The game's AI is extremely simple. When a settler comes under attack, the game does a couple checks and responses:
- Do I have ammo for my weapon? If no, grab nearest melee.
- Is higher damage for my ammo within range? If yes, take.
This is what makes storing weapons that you care about dangerous in settlements. You can equip settlers with any weapon you wish, and as long as you give them one unit of appropriate ammo they can attack indefinitely (minus Miniguns and Fat Man, which still consume ammo). However, if their AI detects a better weapon for their assigned ammo within range during combat, they will grab that weapon whether it's in a container, on a corpse, or on the ground; this includes companions and the "magic ammo" they have for their default weapon. As such, when storing weapons it's ideal to do one of three things:- Store weapons in a "house": A house is a settlement that has no settlers. These can be purposeful such as Home Plate or the CC houses that literally can't have settlers or they can be a settlement that you've decided not to set up a beacon.
- Over- or under-equip settlers: Building a fully upgraded 10mm and handing it to a settler means they will never have a need to seek out a different 10mm. Alternatively, leaving a settler with their cheapy Pipe Pistol ensures they'll seek out weapons, but only ever those chambered for .38. However, always check incoming settlers inventories: sometimes they generate with extra ammo types, opening them to steal your stuff.
- Get an "ephemeral" storage mod: There are some mods out there that give mobile or consolidated workshop storage.

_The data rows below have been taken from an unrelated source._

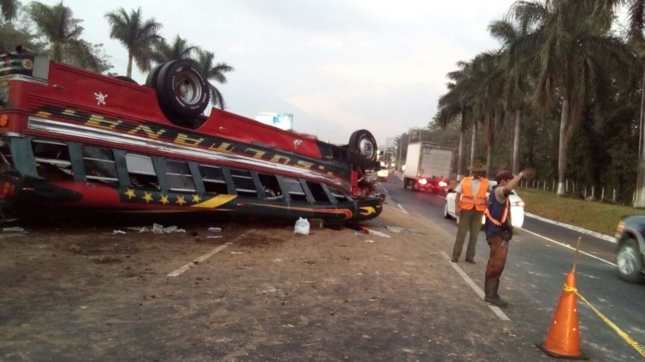 Un autobús de los transportes "Sultanita" que se dirigía a Mazatenango, Suchitepéquez volcó en el kilómetro 52.5 de la autopista PalÍn, Escuintla.
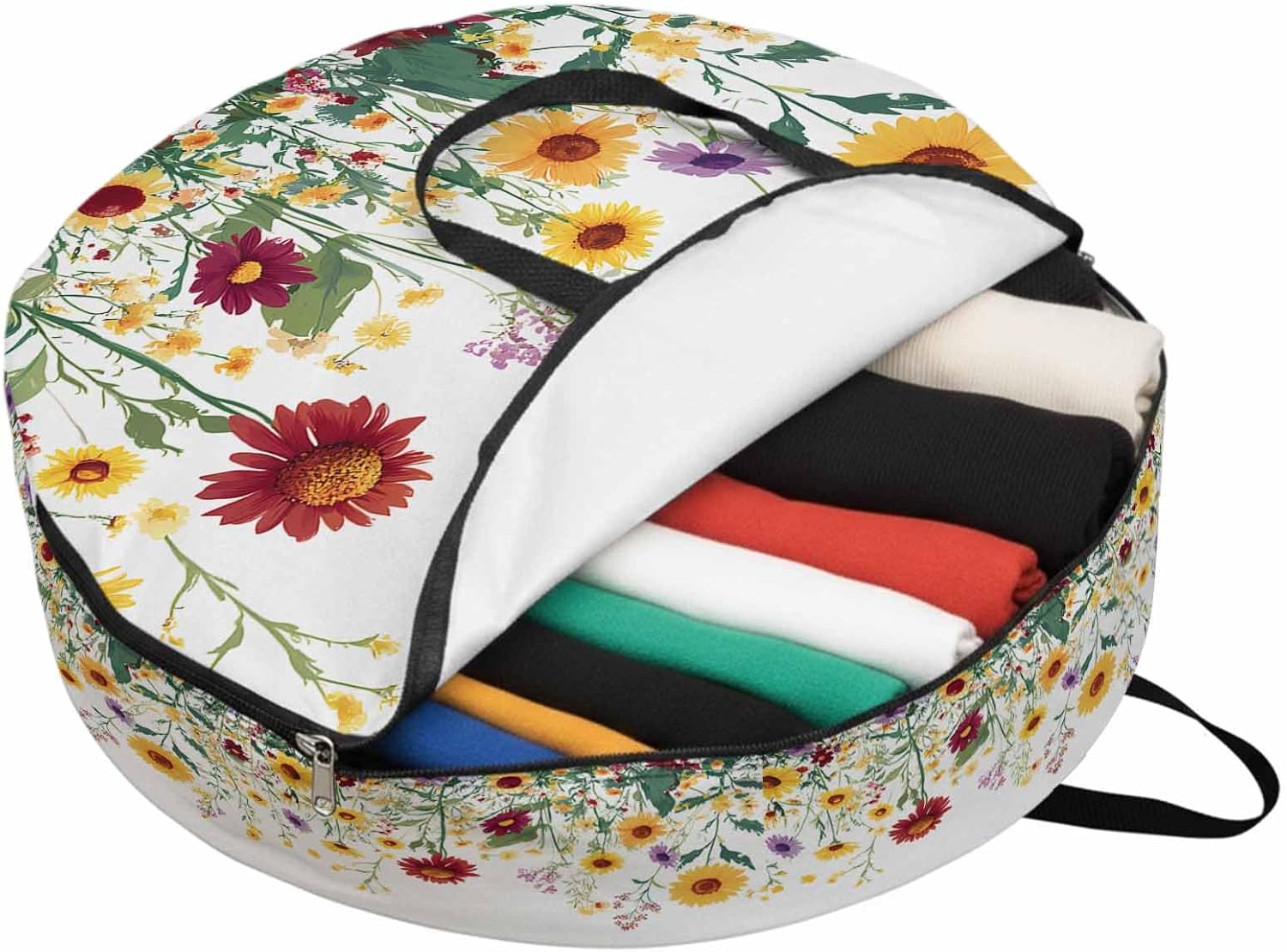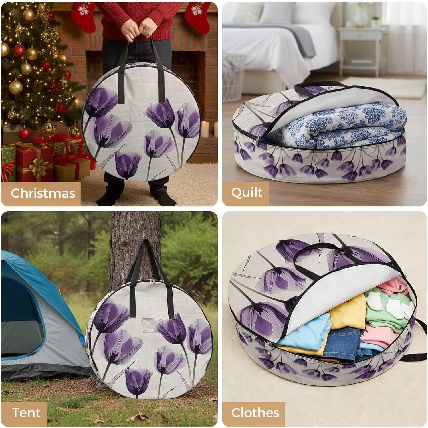 Reclaim Your Closet Space with the Round Storage Solution! Material: polyester Diameters: 24 inch, 30 inch, 36 inch Depth: 7 inches Package Includes: Round Storage Bag One Bag, Endless Possibilities: Whether you are swapping out your summer wardrobe, moving into a new dorm, or packing away holiday decorations, this bag has you covered. The circular design is uniquely suited for: Bedding: Comforters, quilts, sheet sets, and oversized pillows. Clothing: Winter coats, sweaters, and bulky ski gear. Home Decor: Holiday wreaths, garlands, and floral arrangements. Outdoor Gear: Camping blankets, sleeping bags, and beach towels. Dual Zippers: The high quality double zipper design allows the closet organizer to open wide from both sides, making it effortless to load and unload even the bulkiest comforters or wreaths. Reinforced Handles: Sturdy, reinforced handles are securely stitched to provide extra strength and a comfortable grip when carrying heavy loads or pulling the bag from under a bed. Clear Label Pocket: A transparent built-in label holder allows you to quickly identify the contents of each bag without ever having to unzip it, keeping your storage perfectly organized.
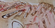 COLORS used in this artwork are reds/crimson, ocher blends, black and browns.
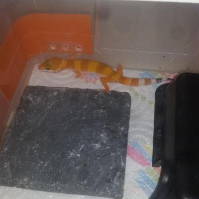 Né le : 13 juillet 2018 Sexe : Femelle Mutation : SHTCT het Bell poss het Radar Mutation de la mère : Nini (SHT) Mutation du père : Kéo (Sunglow Albinos Bell poss het Radar) Date de départ : 24 mars 2019
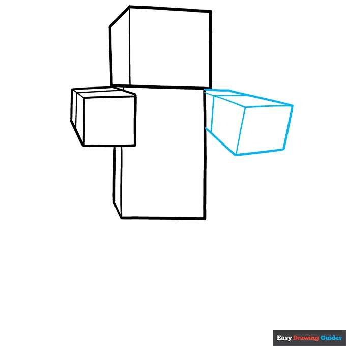 برای دست، یه جعبه کج بکش که کمی با فاصله از بدن باشه. بعدش با سه خط مورب و یه خط صاف اون رو به بدن وصل کن. داخل دست هم دو تا خط بکش برای جزئیات بیشتر.
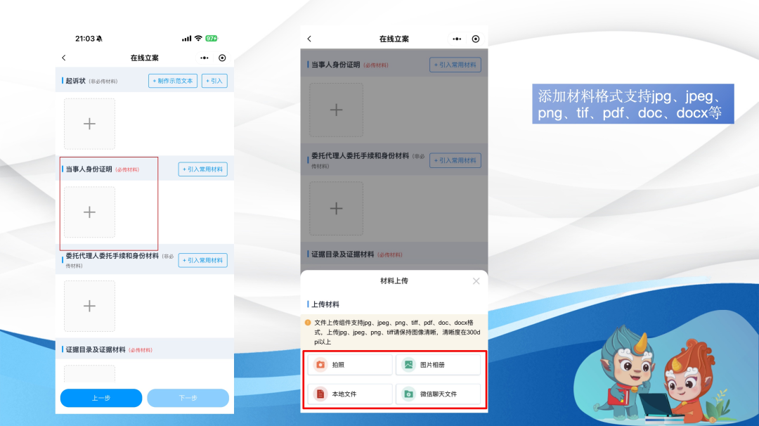 a) 点击“已准备诉状”选项。然后点击页面上的“加号”按钮,您可以自由选择材料上传方式,支持拍照上传、从图片相册选取、从微信聊天记录读取文件等四种途径。
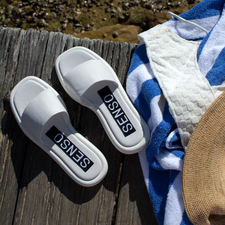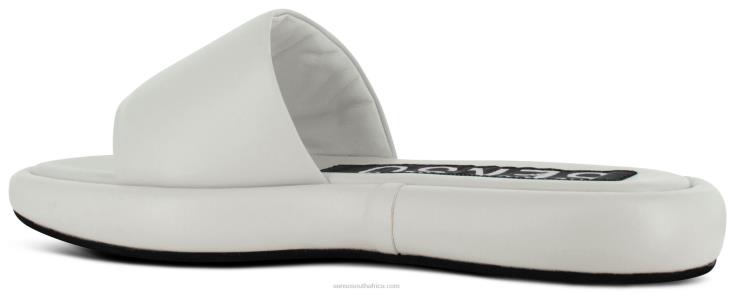 Chalk matte kid leather sandal featuring a slip-on design and rubber soles.
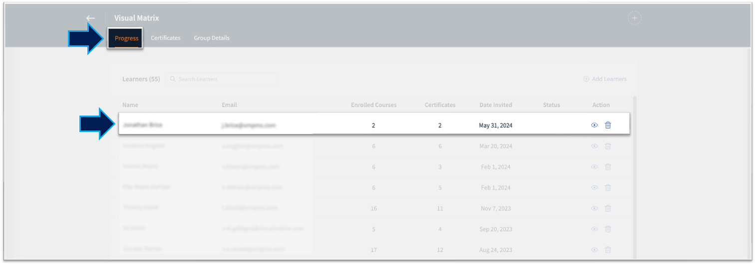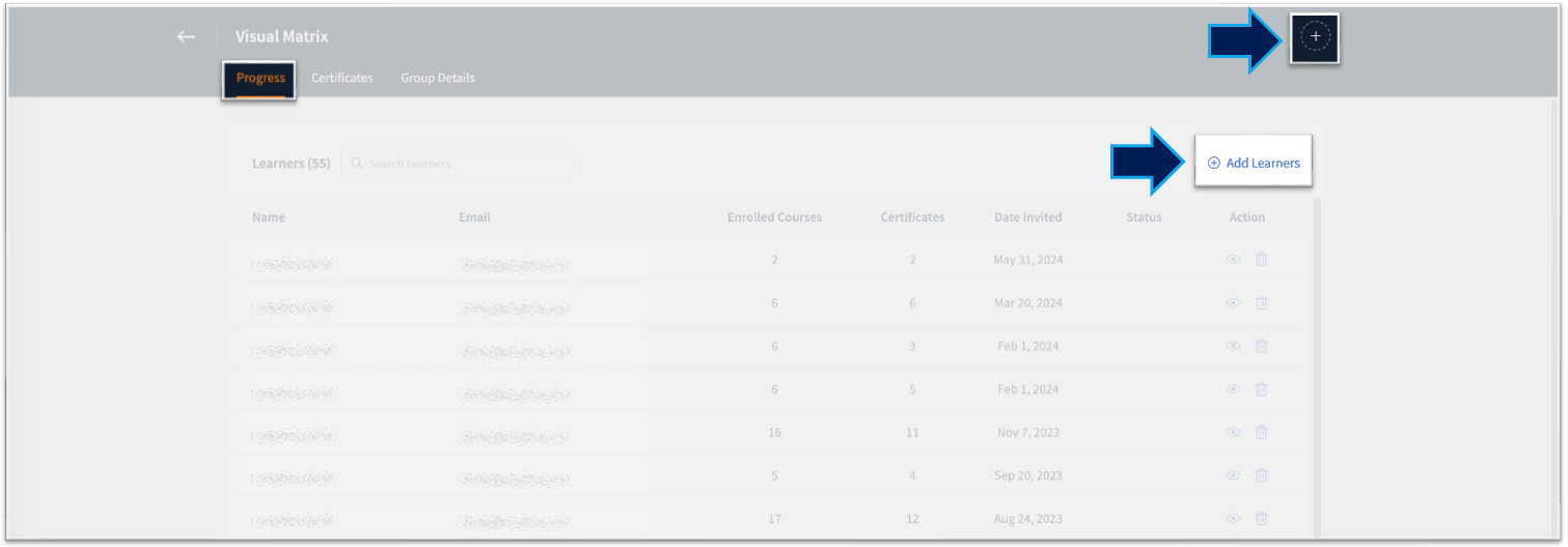 6. From the "Progress" tab, click on "Add Learners" or the "+" icon at the top right.

This is handled by a container that is out of reach of your settlers. If you don't mind having exact, universal access to you workbenches, then get a mod and never look back.
Now, some general advice. Mod your game. Even if you want a "totally vanilla" experience, get a list of recommended bugfix mods and an achievement re-enabler. The Unofficial Patch, High FPS Physics Fix, Weapon Debris Fix (if you have an Nvidia GPU), F4SE, and Buffout 4 (setup guide followed, all but F4EE support enabled) should be considered the bare minimum to ensure you have an enjoyable time with the game. Remember, this is a Bethesda game.If I remember correctly, Containers is one subsection under Furniture. (I may be misremembering, or my menus are different because I have some settlement building mods)
When you get a huge stockpile of weapons i usually grab some, upgrade their receivers for damage boost then give them out to settlers so they have extra firepower over their basic useless pipe pistols, etc. Most of your settlement defense should be heavy turrets, but hey doesn't hurt for settlers to do good damage either.
Again, i suggest first time not to worry about building up settlers/settlements a lot until later in the game or a 2nd playthrough.
Sell all weapons you find to the merchants, except the ones you want to keep. Do purchase legendary weapons when you can and upgrade your armour at every opportunity, same with guns, mod them at every opportunity and armour.
Buy shipments if you want to build stuff as they weigh nothing, as you run out of wood, steel etc pretty fast if you like building stuff. Buy ammo at every opportunity 45 ammo and 308 mainly as thats what you use mainly (legendary weapons from merchants) oh and 50 cal if you like those weapons. I wont go down the rabbit hole with Preston, up to you whether you rescue him or not.
NPCs will also take a higher DMG weapon from a container if they have the ammo for it or if the ammo for it is stored in the same container. So always store ammo separately from guns. Or just use a mannequin (first item under Decorations).
Is there any particular reason you don't store weapons in the workbench itself? I've never had a weapon stolen from a workbench. At least not that I've ever noticed. Is that a thing?